Brighton and Hove City Council Planning Committee may be asked to discuss any planning applications for the council’s own properties in public.
And all changes to do with the library will now go before councillors in public.
The change in policy was made after the row over the handling of plans to change elements of the historic Carnegie Library in Church Road, Hove, with the basement being converted into a nursery.
Residents and councillors alike were angered by the way in which the planning process was handled.
Criticism centred on the timing of the applications and its associated consultation period – over Christmas and the new year – and a perceived lack of communication with councillors, neighbours and other interested people such as library hours.
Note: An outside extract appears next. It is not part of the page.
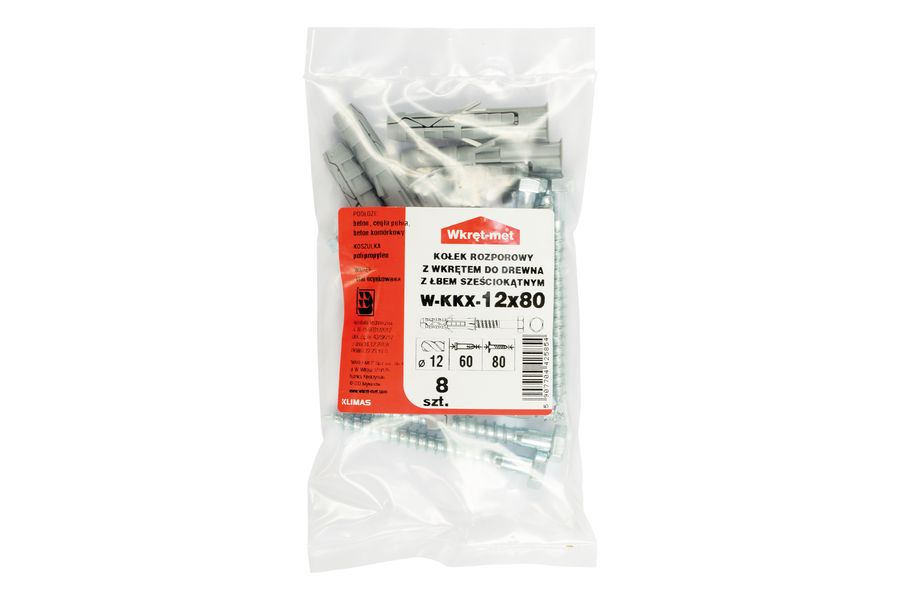 Kołki rozporowe 12x60 z wkrętem z łbem sześciokątnym 8x80 8 sztuk WKRĘT-MET

The application was open for public comments from Friday 8 December to Friday 29 December but was not subsequently discussed by the Planning Committee.
During the consultation period only four letters of objection were received, with five objections required to trigger a decision by the Planning Committee rather than officials.
The council’s Tourism, Development and Culture Committee was told this evening (Thursday 21 June) that a further nine letters arrived after the deadline.
Angry residents have since submitted a 222-signature petition complaining about the timing and decision.
Some of the historic radial shelving is being removed although Conservative councillor Robert Nemeth said that some other more positive changes were now also being made as a result of the fuss.
Former Planning Committee chair, Green councillor Phélim Mac Cafferty, welcomed the change in policy, describing it as essential in the short term, if not possible to maintain on a long-term basis.
Councillor Mac Cafferty said: “We have to rebuild community trust.
“This ended up in community mistrust of the entire process and has evolved into mistrust where it’s not needed.”
Labour councillor Adrian Morris said: “It’s a great pity that not enough people came forward with objections.
“The problem of the library shelving and removal of books really needed addressing.
”It’s a lesson for the community – to get much more involved.”